**Exercise directions:** What is needed is an exact reproduction of the listing, without its pictures.

**Provided material:**
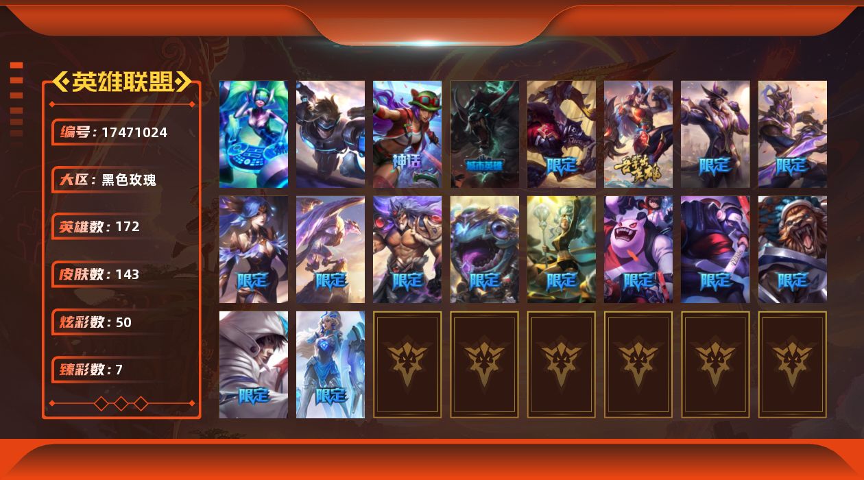 [17471024]黄金段位-172英雄-143皮肤-50炫彩-2终极-1神话-21限定-11传说-35史诗
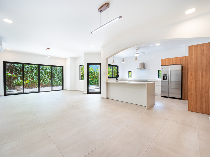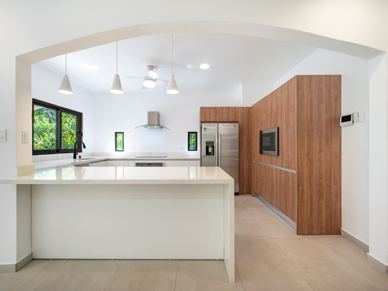 This elegant home located in Surfside, Potrero, features four bedrooms and three bathrooms, perfectly combining style, comfort, and practicality. Its open-concept design includes high ceilings, soundproof windows, and sophisticated finishes throughout the space. The kitchen is outfitted with Euromobilia cabinetry, Calacatta Gold quartz countertops, and premium GE appliances, offering both beauty and functionality.
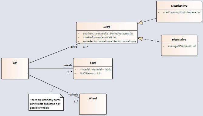 所以,这是描述汽车的一种方式。有更多的方法需要长时间的讨论。无论如何,您应该请一位能流利地说UML的顾问(换句话说,他擅长建模)。

**Response area:**
 [17471024]黄金段位-172英雄-143皮肤-50炫彩-2终极-1神话-21限定-11传说-35史诗
 This elegant home located in Surfside, Potrero, features four bedrooms and three bathrooms, perfectly combining style, comfort, and practicality. Its open-concept design includes high ceilings, soundproof windows, and sophisticated finishes throughout the space. The kitchen is outfitted with Euromobilia cabinetry, Calacatta Gold quartz countertops, and premium GE appliances, offering both beauty and functionality.
 所以,这是描述汽车的一种方式。有更多的方法需要长时间的讨论。无论如何,您应该请一位能流利地说UML的顾问(换句话说,他擅长建模)。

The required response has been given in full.